We have also asked for greater respect for human rights and the release of political prisoners. The regime has detained many of Burma’s brightest and most patriotic citizens, citizens that could contribute greatly to ensuring a more prosperous future for their country. Instead the regime has silenced them, dispersing them to remote locations throughout the country where the generals hope they will be forgotten. They are not.

We have raised our persistent concerns about the increasing tensions between Burma’s ethnic minorities and the central government that have resulted in violence along the country’s borders. The regime has ratcheted up the pressure on Burma’s ethnic groups in preparation for this year’s elections, forcing countless innocent civilians to flee. Burma cannot move forward while the government itself persists in launching attacks against its own people to force compliance with a proposal its ethnic groups cannot accept. The very stability the regime seeks will continue to be elusive until a peaceable solution can be found through dialogue.

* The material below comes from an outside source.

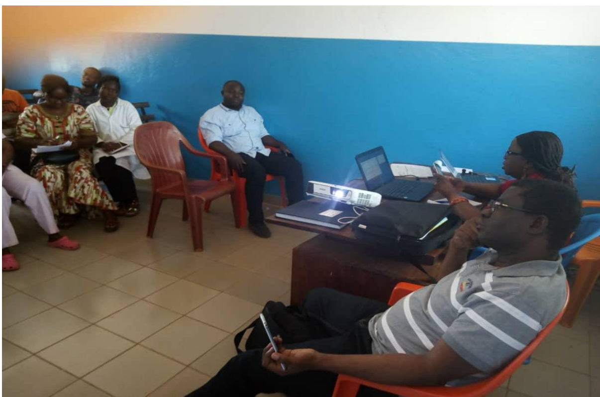
ATELIER DE RENFORCEMENT DE CAPACITE DES PRESCRIPTEURS LES NOUVELLES DIRECTIVE DU TLD ANIME PAR LE PNLS

Finally, we have urged Burma’s senior leadership to abide by its own commitment to fully comply with UN Security Council Resolution 1874. Recent developments call into question that commitment. I have asked the Burmese leadership to work with the United States and others to put into place a transparent process to assure the international community that Burma is abiding by its international commitments. Without such a process, the United States maintains the right to take independent action within the relevant frameworks established by the international community.

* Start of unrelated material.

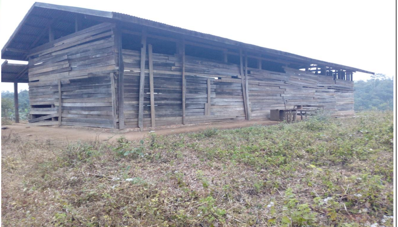
လုပ်ငန်းခွဲ၏မပြုလုပ်မီ မှတ်တမ်းဓာတ်ပုံ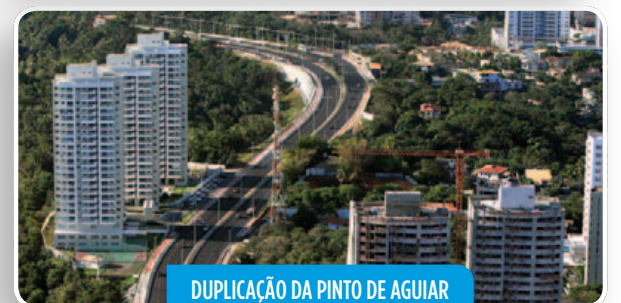
DUPLICAÇÃO DA PINTO DE AGUIAR

Although we are profoundly disappointed by the response of the Burmese leadership, I remain inspired by those outside the government with whom I met. I admire the resolve of Burma’s ethnic groups that wish to live in peace and to have a representative stake in the future of their own country. I respect the difficult decision Burma’s political parties have taken regarding the upcoming elections. Some have decided to participate, some will not. It is the right of a free people to make those decisions for themselves, and the United States respects their decisions.

I would like to take a moment to applaud the leaders of the National League for Democracy – a political party that has struggled for more than two decades to improve the lives of the Burmese people – with whom I held a lengthy meeting. Although having been denied a legal framework in which to operate by the regime’s own flawed rules, its leadership remains committed to working on behalf of and for the Burmese people. The United States will continue to stand behind all those working to support Burma’s people, including the National League for Democracy, however it may constitute itself in the future.

Finally, I was again moved by the perseverance and the commitment Aung San Suu Kyi has shown to the cause of a more just and benevolent Burma and to the Burmese people themselves. She has demonstrated compassion and tolerance for her captors in the face of repeated indignities. It is simply tragic that Burma’s generals have rebuffed her countless appeals to work together to find a peaceable solution for a more prosperous future.

The strength and resilience of those who struggle continue to inspire us. The United States stands by the Burmese people in their desire for a more democratic, prosperous, and peaceful nation.